In short, the problem is twofold: on the one hand, the state wants to profit from Egyptian heritage, alienating modern Egyptians in the process, and on the other, Egyptology and Western museums continue to claim ancient Egyptian history as their own, perpetuating a dangerous distinction between the great ancients and the wretched moderns.

How are Canadian museums contributing to this ongoing issue? Throughout our own collections and exhibits, “Artefacts of Excavation” identified thousands of Egyptian artefacts extracted through British excavations, most of which are concentrated in five of Canada’s biggest museums. Most of these collections are also traced to Petrie’s excavations. Though our museum sector continues to take steps away from colonial frameworks, there remains limited consideration for the implications of our efforts for reconciliation beyond Canadian borders.

Illustration by Moira Adel for “Egypt’s dispersed heritage” incorporating an unearthed archive photograph from “Artefacts of Excavation” of a statue of an unnamed Egyptian queen found in Deir El Bahari, Egypt.


Most Egyptian heritage items in Canada are in storage or used for academic purposes only. Otherwise, Egyptian items on display in Canadian museums are normally exhibited drawing from salient Egyptological narratives that reproduce a narrative of greatness.

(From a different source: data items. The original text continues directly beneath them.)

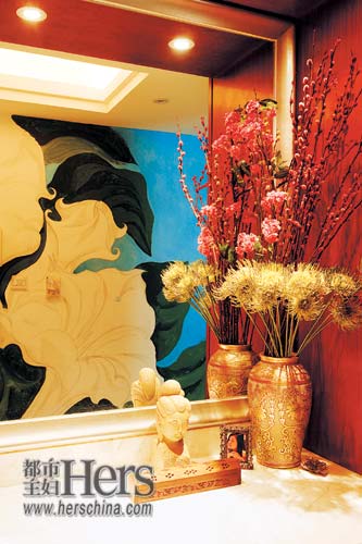 Canna在英文中有“美人蕉”的意思,Canna的家也有些像美人蕉,色彩鮮艷,帶著熱帶植物生機(jī)勃勃的沖擊力。Canna象所有精致生活的上海女人一般,親手布置自己的家,如同澆灌一株植物,天天耕耘、默默看著它成長、繁茂。在客廳看電視的角落掛著一幅畫,尺寸驚人,整整覆蓋了一面墻壁,“金黃色的家具與午后和煦陽光”,令人聯(lián)想起梵高等后印象主義畫家的風(fēng)格,這是Canna請朋友臨摹了一副她喜歡的美國女畫家的作品。
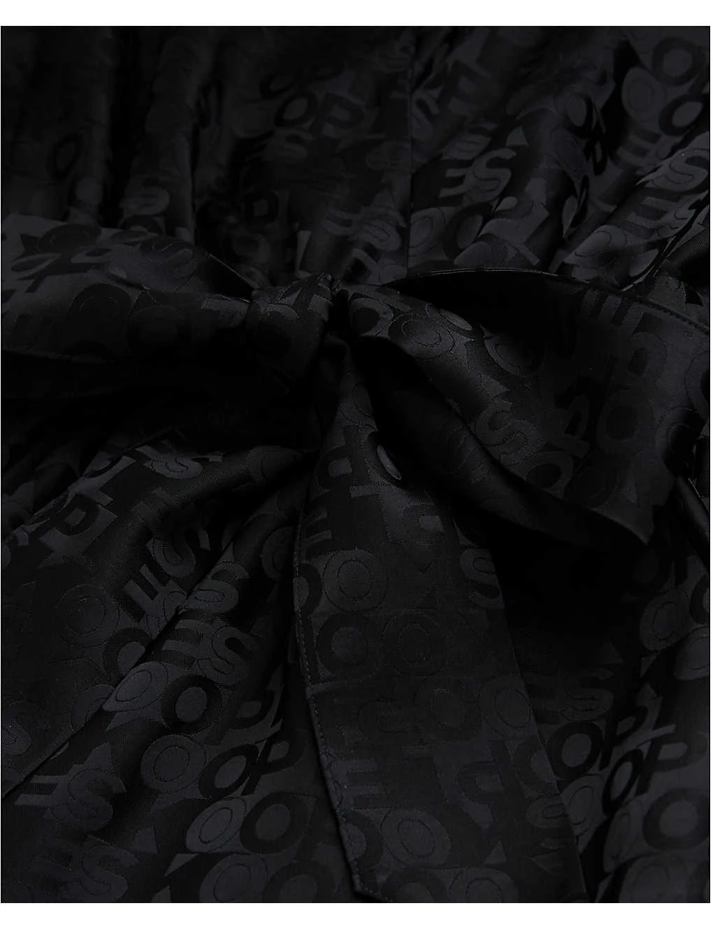 - Sweetheart neckline, long sleeves, jacquard logo, self-tie belt at the waist, straight leg
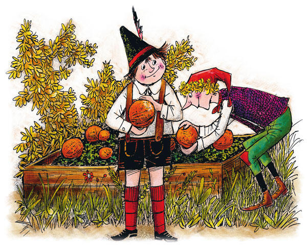 А мы тебе гостинец принесли, сказал Касперль, протягивая крокопсу тыкву. Вот, попробуй.
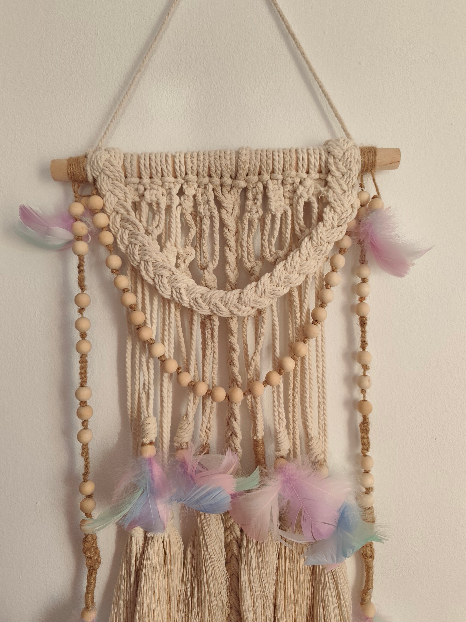 Añade un toque suavee, bohemio y artesanal a cualquier espacio con este precioso tapiz hecho totalmente a mano. Combina cuerdas de algodón 100% natural con cuentas de madera y delicadas plumas en tonos pastel, creando una pieza ligera y armoniosa que transforma cualquier pared.
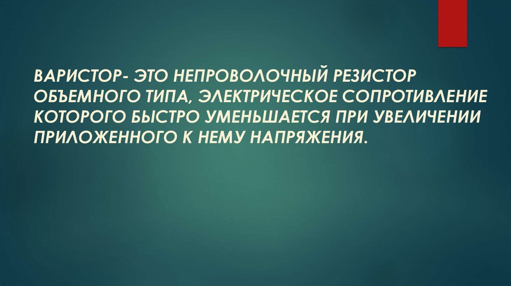 ВАРИСТОР- ЭТО НЕПРОВОЛОЧНЫЙ РЕЗИСТОРОБЪЕМНОГО ТИПА, ЭЛЕКТРИЧЕСКОЕ СОПРОТИВЛЕНИЕ
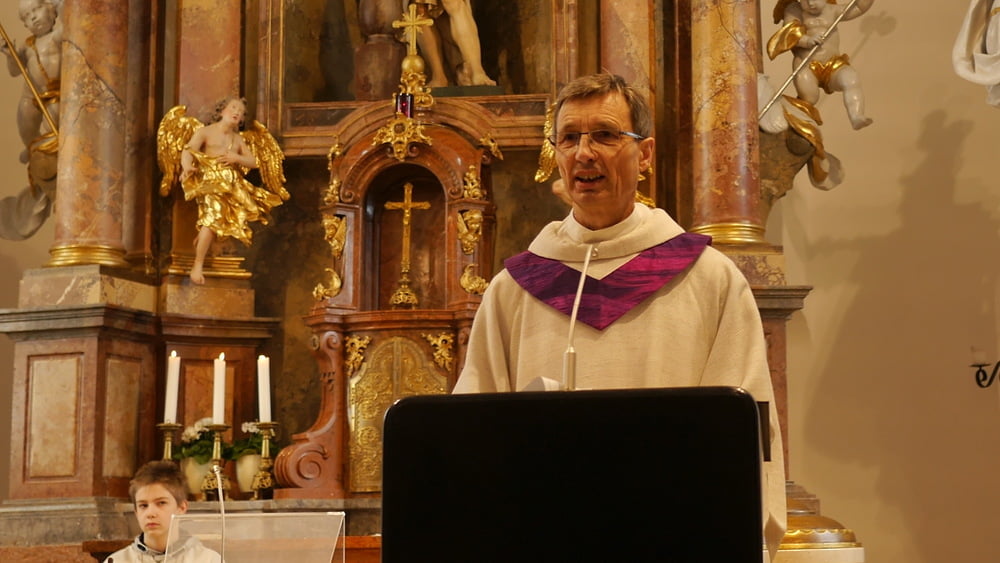 Der Vortrag (© Stefan Schlager) bezog sich auf das Johannesevangelium (Joh 10,10), wo wir darauf aufmerksam gemacht werden, dass im Leben viele Fallen lauern, aber der gute Hirte über uns wache. Mit der grenzenlosen materiellen Fülle seinen wir heutzutage überfordert. Das Materielle binde uns sosehr, dass es in Vielen eine innere Leere hervorrufe. Die Fülle des Lebens erreiche man nicht, wenn man schon alles habe. Nur durch ein Loslassen des Materiellen könne man sich den wesentlichen Aspekten des irdischen Lebens öffnen in rückbinden an Gott, der immer da sei, aber in der Oberflächlichkeit des Lebens nicht wahrgenommen werde. Gott sei, was uns fehle, wenn wir schon alles haben und umgekehrt.

Ironically, some of the inspiration comes from within. Dr. Stevenson notes that their approach in “Egypt’s dispersed heritage” was in part influenced by the community-oriented “Haida Gwaii efforts for repatriation. They made me think about who this material belongs to and how did it got here.” Rethinking ownership not just of heritage objects but of the narratives constructed around them as well underlies the subversiveness of the researchers’ approach to curatorial practice before, during and after repatriation.

In their efforts for repatriation, museums should consider this shared history of colonial violence among Indigenous Peoples globally. The “people-centric approach” offers a model that forces museums to centre Indigenous knowledge and communal engagement in the process of repatriation, as well as in curatorial practice more broadly. As repatriation counteracts the geographic displacement of Indigenous heritage objects, taking on a people-centric approach could similarly counteract the discursive displacement of Indigenous communities’ heritages. This model could expand the positive implications of repatriation beyond the limitations that national borders impose on universal solidarity against human suffering — including the suffering caused by the forced displacement of heritage. M

I would like to thank Drs. Heba Abd el Gawad and Alice Stevenson for having taken the time to discuss their work with me, better informing my understanding of the topics addressed in this article.

Mohamed Serageldin is a communications officer at the Canadian Museums Association. Passionate about all things cultural, Mohamed spends their free time being the associate editor of The Vermin, a critical literary magazine.